Exercise prompt:
Starting at the first line and ending at the last, output the data exactly.

Task material:

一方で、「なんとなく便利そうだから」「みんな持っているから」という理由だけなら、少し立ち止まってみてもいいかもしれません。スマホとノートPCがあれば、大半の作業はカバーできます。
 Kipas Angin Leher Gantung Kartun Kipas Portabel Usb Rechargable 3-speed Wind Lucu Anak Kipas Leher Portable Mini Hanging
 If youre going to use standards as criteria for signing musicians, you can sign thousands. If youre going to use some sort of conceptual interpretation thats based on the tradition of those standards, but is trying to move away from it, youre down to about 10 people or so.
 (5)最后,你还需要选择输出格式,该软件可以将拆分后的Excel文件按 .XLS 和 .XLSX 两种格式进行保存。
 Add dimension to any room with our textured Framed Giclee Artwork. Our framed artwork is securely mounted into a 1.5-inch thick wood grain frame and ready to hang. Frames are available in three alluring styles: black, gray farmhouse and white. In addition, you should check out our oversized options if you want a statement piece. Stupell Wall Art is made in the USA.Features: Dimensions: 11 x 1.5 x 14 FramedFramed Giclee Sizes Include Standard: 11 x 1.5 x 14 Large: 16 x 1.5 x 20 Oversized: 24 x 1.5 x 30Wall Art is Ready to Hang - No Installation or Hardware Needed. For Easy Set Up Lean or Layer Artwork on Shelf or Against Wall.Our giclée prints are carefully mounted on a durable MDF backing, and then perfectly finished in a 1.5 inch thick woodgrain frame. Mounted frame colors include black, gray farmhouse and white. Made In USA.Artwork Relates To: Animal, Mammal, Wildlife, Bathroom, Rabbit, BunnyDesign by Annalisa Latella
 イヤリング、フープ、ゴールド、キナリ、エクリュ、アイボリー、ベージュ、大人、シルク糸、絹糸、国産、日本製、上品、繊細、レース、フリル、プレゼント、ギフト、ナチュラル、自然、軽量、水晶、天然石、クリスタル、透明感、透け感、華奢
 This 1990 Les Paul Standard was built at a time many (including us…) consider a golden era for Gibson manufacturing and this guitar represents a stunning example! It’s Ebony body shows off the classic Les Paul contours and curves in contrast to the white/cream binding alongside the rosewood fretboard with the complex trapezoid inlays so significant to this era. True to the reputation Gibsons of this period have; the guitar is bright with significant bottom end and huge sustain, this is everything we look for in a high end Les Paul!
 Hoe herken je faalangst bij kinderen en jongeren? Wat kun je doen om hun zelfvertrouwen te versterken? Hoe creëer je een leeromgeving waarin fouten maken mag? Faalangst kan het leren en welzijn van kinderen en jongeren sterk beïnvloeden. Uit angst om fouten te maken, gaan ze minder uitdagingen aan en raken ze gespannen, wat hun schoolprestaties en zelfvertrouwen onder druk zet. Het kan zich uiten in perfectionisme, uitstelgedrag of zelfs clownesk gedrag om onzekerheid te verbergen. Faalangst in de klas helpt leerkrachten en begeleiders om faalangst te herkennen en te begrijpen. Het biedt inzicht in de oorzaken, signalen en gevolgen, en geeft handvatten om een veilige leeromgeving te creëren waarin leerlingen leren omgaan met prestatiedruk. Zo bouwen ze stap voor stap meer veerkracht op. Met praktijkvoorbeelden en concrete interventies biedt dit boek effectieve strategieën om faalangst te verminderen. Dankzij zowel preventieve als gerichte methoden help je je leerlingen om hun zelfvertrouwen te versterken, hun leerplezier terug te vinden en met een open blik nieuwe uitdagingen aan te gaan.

Response:
一方で、「なんとなく便利そうだから」「みんな持っているから」という理由だけなら、少し立ち止まってみてもいいかもしれません。スマホとノートPCがあれば、大半の作業はカバーできます。
 Kipas Angin Leher Gantung Kartun Kipas Portabel Usb Rechargable 3-speed Wind Lucu Anak Kipas Leher Portable Mini Hanging
 If youre going to use standards as criteria for signing musicians, you can sign thousands. If youre going to use some sort of conceptual interpretation thats based on the tradition of those standards, but is trying to move away from it, youre down to about 10 people or so.
 (5)最后,你还需要选择输出格式,该软件可以将拆分后的Excel文件按 .XLS 和 .XLSX 两种格式进行保存。
 Add dimension to any room with our textured Framed Giclee Artwork. Our framed artwork is securely mounted into a 1.5-inch thick wood grain frame and ready to hang. Frames are available in three alluring styles: black, gray farmhouse and white. In addition, you should check out our oversized options if you want a statement piece. Stupell Wall Art is made in the USA.Features: Dimensions: 11 x 1.5 x 14 FramedFramed Giclee Sizes Include Standard: 11 x 1.5 x 14 Large: 16 x 1.5 x 20 Oversized: 24 x 1.5 x 30Wall Art is Ready to Hang - No Installation or Hardware Needed. For Easy Set Up Lean or Layer Artwork on Shelf or Against Wall.Our giclée prints are carefully mounted on a durable MDF backing, and then perfectly finished in a 1.5 inch thick woodgrain frame. Mounted frame colors include black, gray farmhouse and white. Made In USA.Artwork Relates To: Animal, Mammal, Wildlife, Bathroom, Rabbit, BunnyDesign by Annalisa Latella
 イヤリング、フープ、ゴールド、キナリ、エクリュ、アイボリー、ベージュ、大人、シルク糸、絹糸、国産、日本製、上品、繊細、レース、フリル、プレゼント、ギフト、ナチュラル、自然、軽量、水晶、天然石、クリスタル、透明感、透け感、華奢
 This 1990 Les Paul Standard was built at a time many (including us…) consider a golden era for Gibson manufacturing and this guitar represents a stunning example! It’s Ebony body shows off the classic Les Paul contours and curves in contrast to the white/cream binding alongside the rosewood fretboard with the complex trapezoid inlays so significant to this era. True to the reputation Gibsons of this period have; the guitar is bright with significant bottom end and huge sustain, this is everything we look for in a high end Les Paul!
 Hoe herken je faalangst bij kinderen en jongeren? Wat kun je doen om hun zelfvertrouwen te versterken? Hoe creëer je een leeromgeving waarin fouten maken mag? Faalangst kan het leren en welzijn van kinderen en jongeren sterk beïnvloeden. Uit angst om fouten te maken, gaan ze minder uitdagingen aan en raken ze gespannen, wat hun schoolprestaties en zelfvertrouwen onder druk zet. Het kan zich uiten in perfectionisme, uitstelgedrag of zelfs clownesk gedrag om onzekerheid te verbergen. Faalangst in de klas helpt leerkrachten en begeleiders om faalangst te herkennen en te begrijpen. Het biedt inzicht in de oorzaken, signalen en gevolgen, en geeft handvatten om een veilige leeromgeving te creëren waarin leerlingen leren omgaan met prestatiedruk. Zo bouwen ze stap voor stap meer veerkracht op. Met praktijkvoorbeelden en concrete interventies biedt dit boek effectieve strategieën om faalangst te verminderen. Dankzij zowel preventieve als gerichte methoden help je je leerlingen om hun zelfvertrouwen te versterken, hun leerplezier terug te vinden en met een open blik nieuwe uitdagingen aan te gaan.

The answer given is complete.